Intent: Penance and an appeal to Divine Mercy
Ever since the fall of Adam and Eve, man has repeatedly offended God and con-stantly required His infinite mercy. God does not want a single soul to perish, yet He has given us a free will to choose whether or not to follow Him. This free will is inviolable. God will not force us to love Him. Instead, He wants us to freely choose to love Him and follow Him using our own free will. All too often, however, we exercise our free will to do things that are against God’s will. Because of the awesome and incomprehensible majesty of God and our complete indebtedness to Him, even the slightest transgression against Him should require the sinner to suffer eternal damnation. Fortunately for us, “Merciful and gracious is the Lord, slow to anger and abounding in kindness. He will not always chide, nor does he keep his wrath forever. Not according to our sins does he deal with us, nor does he requite us according to our crimes. For as the heavens are high above the earth, so surpassing is his kindness toward those who fear him” (Ps 103:8-11). Indeed, scripture announces to us the most awesome example of the love and mercy our God has for us: “Yes, God so loved the world that he gave his only Son, that whoever believes in Him may not die but may have eternal life” (John 3:16). We can freely partake of this ocean of Divine Mercy if we do the following: 1) profess belief in Jesus Christ as the Son of God and the Savior of mankind, 2) admit our guilt and confess our sins, 3) strive to do works of mercy and penance, and 4) avoid sin and those things that lead us to sin.

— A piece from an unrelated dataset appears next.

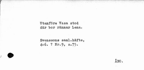 //// Utanföre Yasa stod där bor rännar Lena» //// Svenssons saml*häfte, //// 4*6. ? Hr* 9» e.75• //// ÅBO. ////

On April 30, 2000, Pope John Paul II canonized Saint Faustina Kowalska, making her the first “official” saint of the Jubilee year. It was to her that Our Lord appeared in 1931. Jesus asked her to paint (or have painted) a very special image of Himself that would become a vessel of graces for those who would venerate the image (as with all religious images, appropriate veneration is rightly given to the person the image represents, not the image itself). Jesus required that the image include the inscription “Jesus, I trust in you.” Our enemy tries hard to make us give up following Christ. Satan tempts us with despair. With the words “Jesus, I trust in you,” Jesus wants to remind us of His infinite mercy, and He wants us not to despair and give up trying to be holy. He wants us to trust—to believe completely that He is merciful enough to forgive us for anything we might do, no matter how horrible it may seem. The need to trust in and invoke the Divine Mercy of Jesus Christ is more critical now than ever before. We are living in a very special time of mercy. Many people are in open rebellion against God and His laws. Let us pray for those who have been deceived and lured by this culture of death. We invoke the boundless mercy of God and ask for the conversion of poor sinners all over the world.